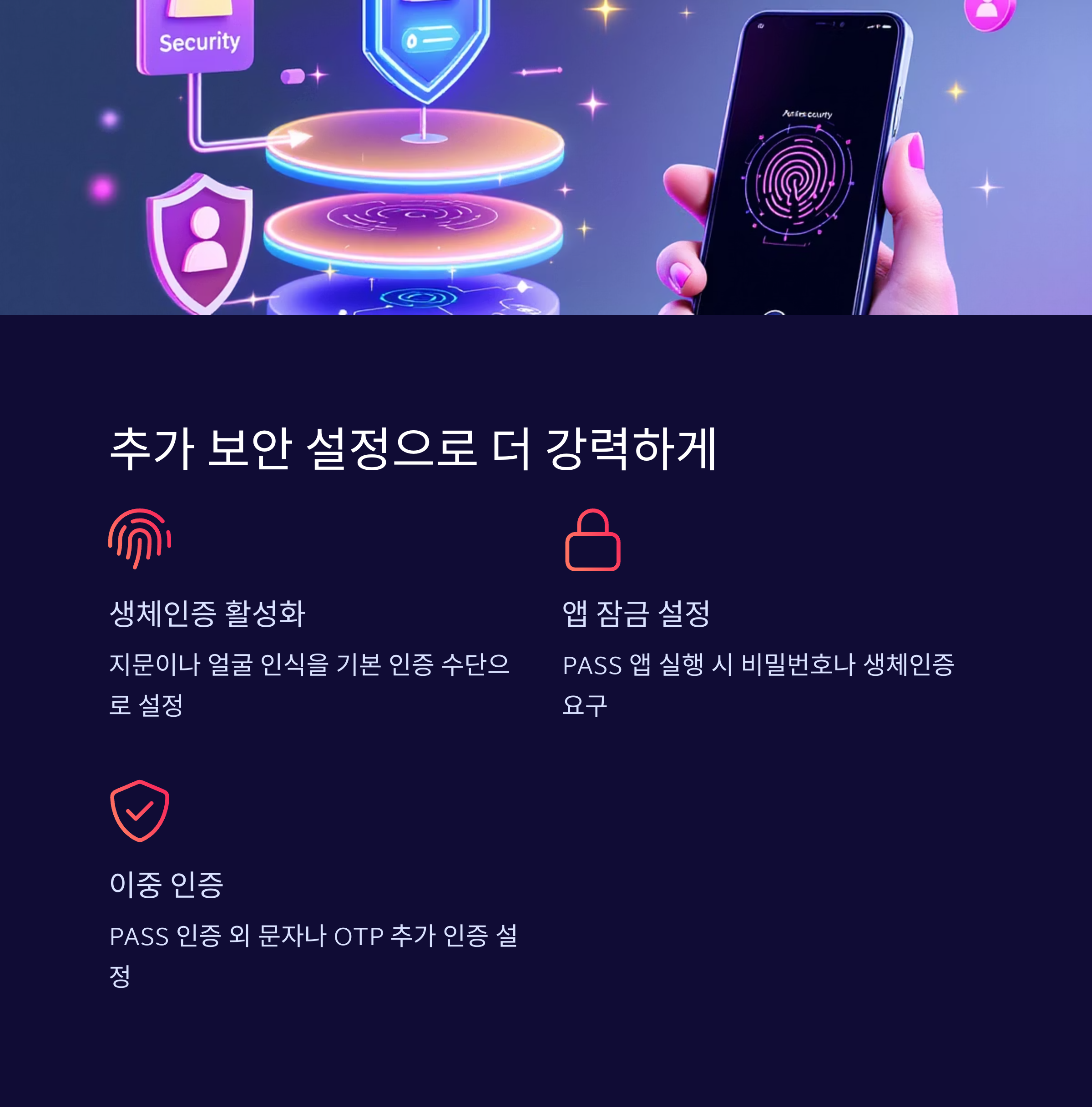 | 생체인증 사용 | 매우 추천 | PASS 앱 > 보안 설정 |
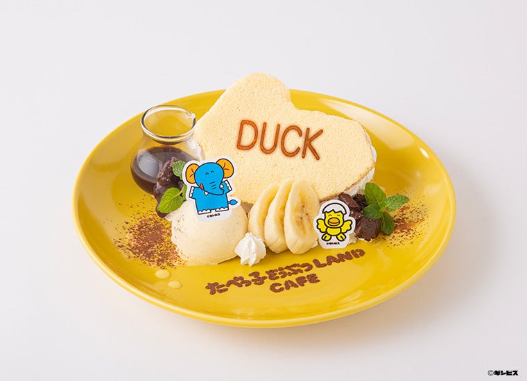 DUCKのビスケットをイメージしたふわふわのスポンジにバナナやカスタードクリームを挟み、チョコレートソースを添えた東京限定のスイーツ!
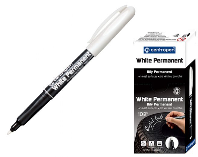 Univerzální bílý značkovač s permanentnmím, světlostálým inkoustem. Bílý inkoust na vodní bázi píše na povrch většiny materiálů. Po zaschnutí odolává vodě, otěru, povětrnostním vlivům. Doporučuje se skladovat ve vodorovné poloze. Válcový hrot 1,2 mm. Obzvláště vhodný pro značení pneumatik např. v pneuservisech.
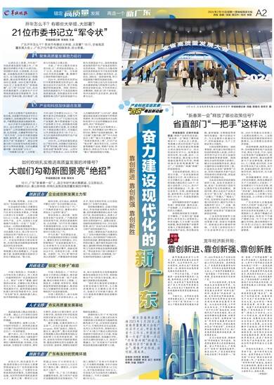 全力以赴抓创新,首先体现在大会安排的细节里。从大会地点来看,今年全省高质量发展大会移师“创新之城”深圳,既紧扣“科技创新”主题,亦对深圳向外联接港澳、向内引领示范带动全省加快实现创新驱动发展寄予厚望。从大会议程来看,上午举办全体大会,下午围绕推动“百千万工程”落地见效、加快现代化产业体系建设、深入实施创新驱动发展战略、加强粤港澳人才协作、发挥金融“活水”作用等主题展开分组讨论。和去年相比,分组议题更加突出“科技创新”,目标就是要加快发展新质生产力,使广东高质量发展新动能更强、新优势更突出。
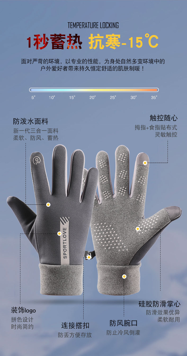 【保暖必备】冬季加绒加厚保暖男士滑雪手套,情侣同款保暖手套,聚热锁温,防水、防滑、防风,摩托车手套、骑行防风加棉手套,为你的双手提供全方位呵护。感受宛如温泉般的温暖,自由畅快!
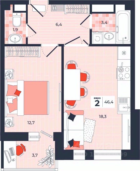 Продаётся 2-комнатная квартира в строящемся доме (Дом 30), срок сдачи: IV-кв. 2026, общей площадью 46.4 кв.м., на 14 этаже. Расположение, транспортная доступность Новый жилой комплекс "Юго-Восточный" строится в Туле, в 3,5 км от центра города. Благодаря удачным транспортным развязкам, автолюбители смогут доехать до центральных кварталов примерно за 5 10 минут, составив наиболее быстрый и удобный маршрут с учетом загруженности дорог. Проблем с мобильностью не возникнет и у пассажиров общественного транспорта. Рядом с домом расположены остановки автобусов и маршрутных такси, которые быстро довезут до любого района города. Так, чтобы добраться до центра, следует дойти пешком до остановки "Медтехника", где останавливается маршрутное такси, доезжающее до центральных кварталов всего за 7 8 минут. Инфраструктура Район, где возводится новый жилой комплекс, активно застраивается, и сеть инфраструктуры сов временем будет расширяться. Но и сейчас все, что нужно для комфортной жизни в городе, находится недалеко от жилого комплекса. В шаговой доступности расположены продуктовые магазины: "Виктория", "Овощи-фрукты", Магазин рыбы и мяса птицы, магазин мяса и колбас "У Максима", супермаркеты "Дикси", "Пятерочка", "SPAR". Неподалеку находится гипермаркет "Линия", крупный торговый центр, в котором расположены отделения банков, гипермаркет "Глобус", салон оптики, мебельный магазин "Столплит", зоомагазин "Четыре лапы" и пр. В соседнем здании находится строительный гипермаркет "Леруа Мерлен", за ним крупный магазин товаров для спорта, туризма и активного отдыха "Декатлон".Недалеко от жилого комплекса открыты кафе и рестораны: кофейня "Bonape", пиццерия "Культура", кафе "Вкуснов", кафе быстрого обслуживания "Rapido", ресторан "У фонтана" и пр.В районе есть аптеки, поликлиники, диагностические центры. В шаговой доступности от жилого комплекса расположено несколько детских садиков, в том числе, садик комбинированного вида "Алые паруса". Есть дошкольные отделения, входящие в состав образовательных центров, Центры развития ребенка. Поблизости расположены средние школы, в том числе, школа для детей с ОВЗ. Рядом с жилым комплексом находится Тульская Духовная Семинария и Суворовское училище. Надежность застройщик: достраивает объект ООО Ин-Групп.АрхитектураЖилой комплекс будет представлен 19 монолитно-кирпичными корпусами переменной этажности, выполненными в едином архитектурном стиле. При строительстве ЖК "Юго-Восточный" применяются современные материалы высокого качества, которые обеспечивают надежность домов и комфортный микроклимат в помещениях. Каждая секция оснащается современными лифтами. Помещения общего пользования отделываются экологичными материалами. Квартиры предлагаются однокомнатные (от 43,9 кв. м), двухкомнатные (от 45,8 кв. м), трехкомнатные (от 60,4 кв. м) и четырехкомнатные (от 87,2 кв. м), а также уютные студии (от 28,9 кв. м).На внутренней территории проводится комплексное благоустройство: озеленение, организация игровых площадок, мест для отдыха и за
────────────────────────────────────────
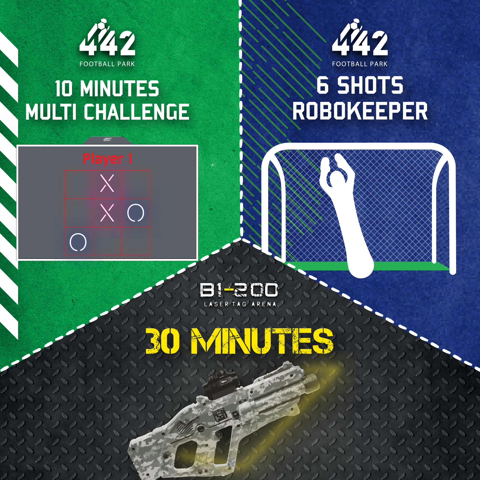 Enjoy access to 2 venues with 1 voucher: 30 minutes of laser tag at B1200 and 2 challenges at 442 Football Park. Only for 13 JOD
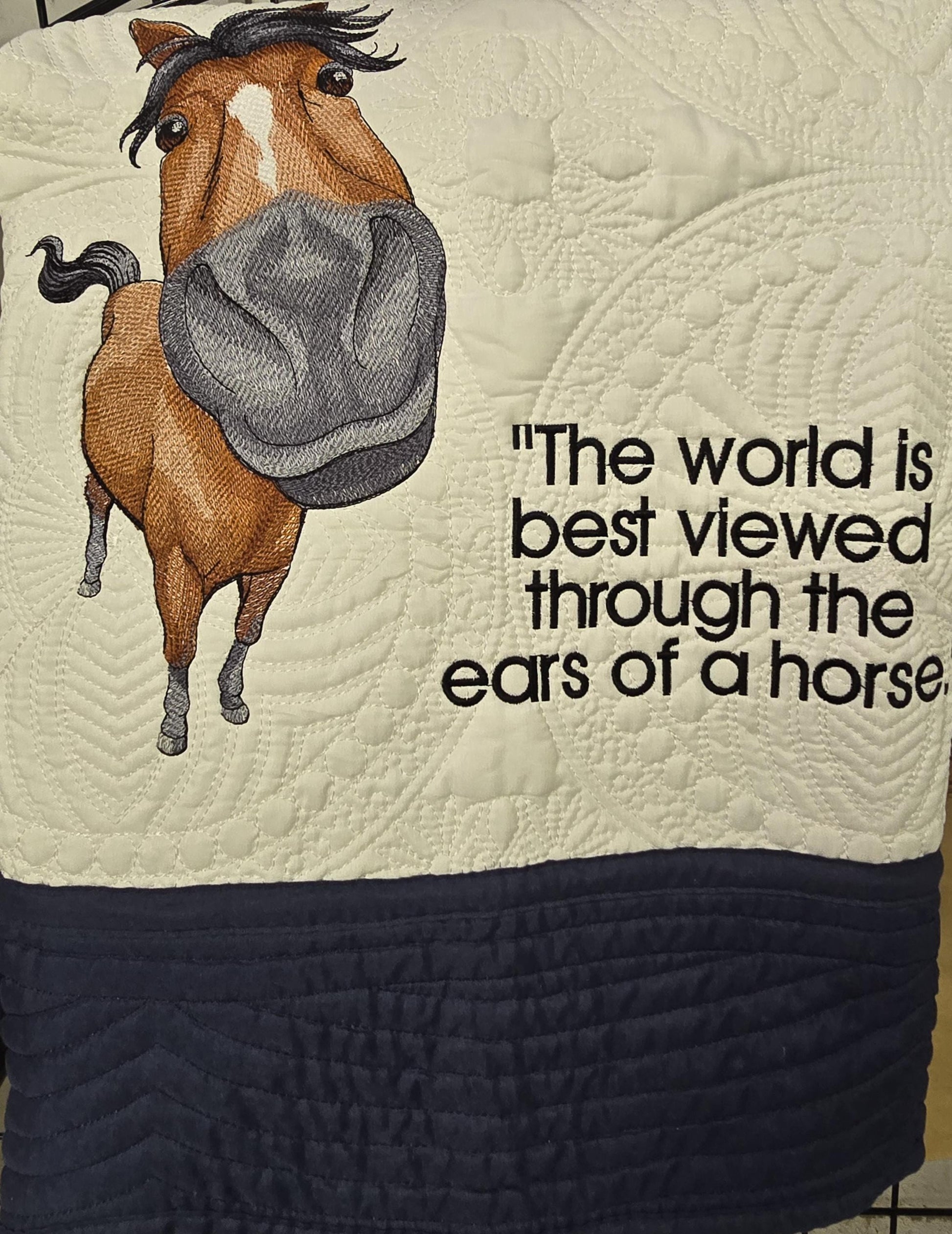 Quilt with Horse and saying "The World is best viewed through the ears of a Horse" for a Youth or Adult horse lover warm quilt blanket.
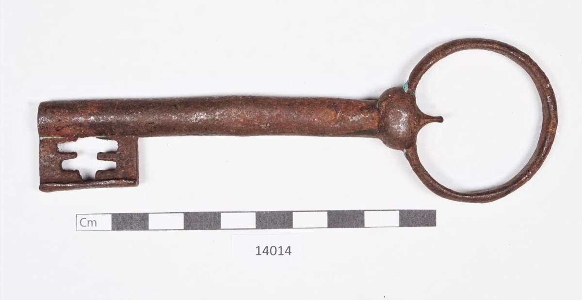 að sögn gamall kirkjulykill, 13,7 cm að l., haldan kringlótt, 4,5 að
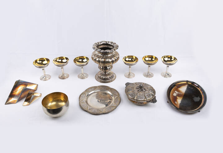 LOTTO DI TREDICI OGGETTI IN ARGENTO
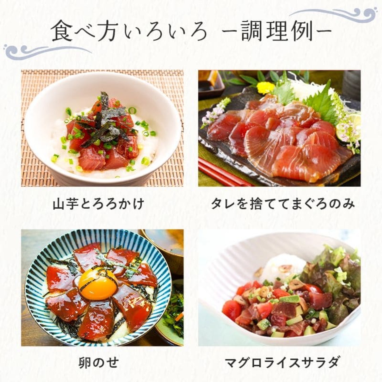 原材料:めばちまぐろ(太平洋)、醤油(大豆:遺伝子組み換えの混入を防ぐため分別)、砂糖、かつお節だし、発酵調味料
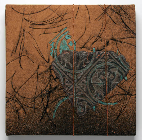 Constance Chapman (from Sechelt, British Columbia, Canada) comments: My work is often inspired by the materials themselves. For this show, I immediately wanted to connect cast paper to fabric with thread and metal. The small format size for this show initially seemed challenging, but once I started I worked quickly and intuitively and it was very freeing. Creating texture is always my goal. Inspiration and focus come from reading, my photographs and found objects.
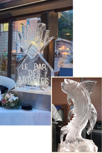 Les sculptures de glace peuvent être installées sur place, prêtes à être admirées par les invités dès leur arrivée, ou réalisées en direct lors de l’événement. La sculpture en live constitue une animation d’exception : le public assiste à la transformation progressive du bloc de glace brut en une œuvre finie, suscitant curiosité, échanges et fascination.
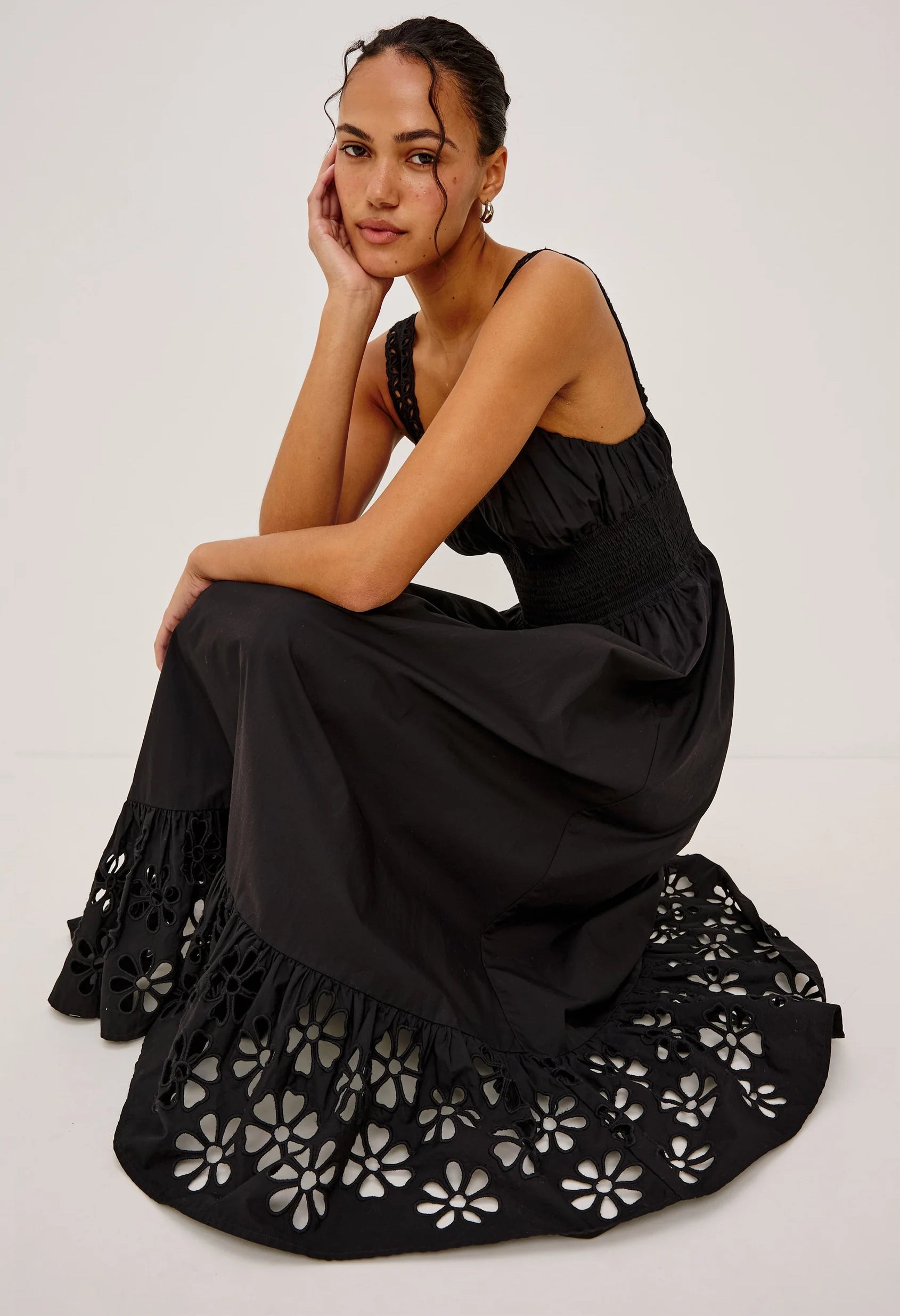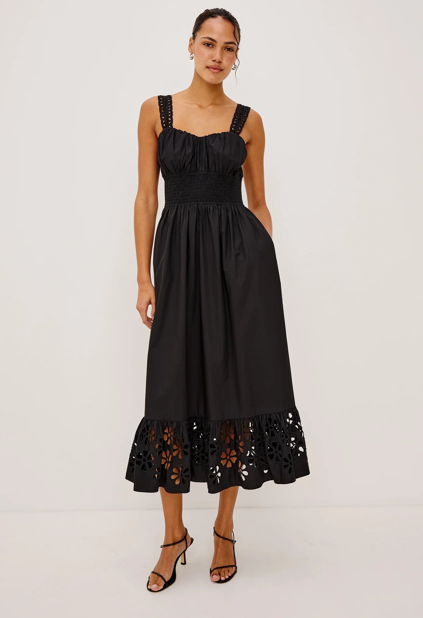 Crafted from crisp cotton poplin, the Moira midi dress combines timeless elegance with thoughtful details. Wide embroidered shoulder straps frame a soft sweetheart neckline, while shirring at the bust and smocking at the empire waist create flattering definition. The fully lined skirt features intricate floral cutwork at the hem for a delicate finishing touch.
────────────────────────────────────────
*Task details*. In the listing above, find the line containing "앱 > 보안 설정 |" and the line containing "DUCKのビスケットをイメー", then write out both of them and every line between, exactly, with no pictures.

*Exercise result*.
 | 생체인증 사용 | 매우 추천 | PASS 앱 > 보안 설정 |
 DUCKのビスケットをイメージしたふわふわのスポンジにバナナやカスタードクリームを挟み、チョコレートソースを添えた東京限定のスイーツ!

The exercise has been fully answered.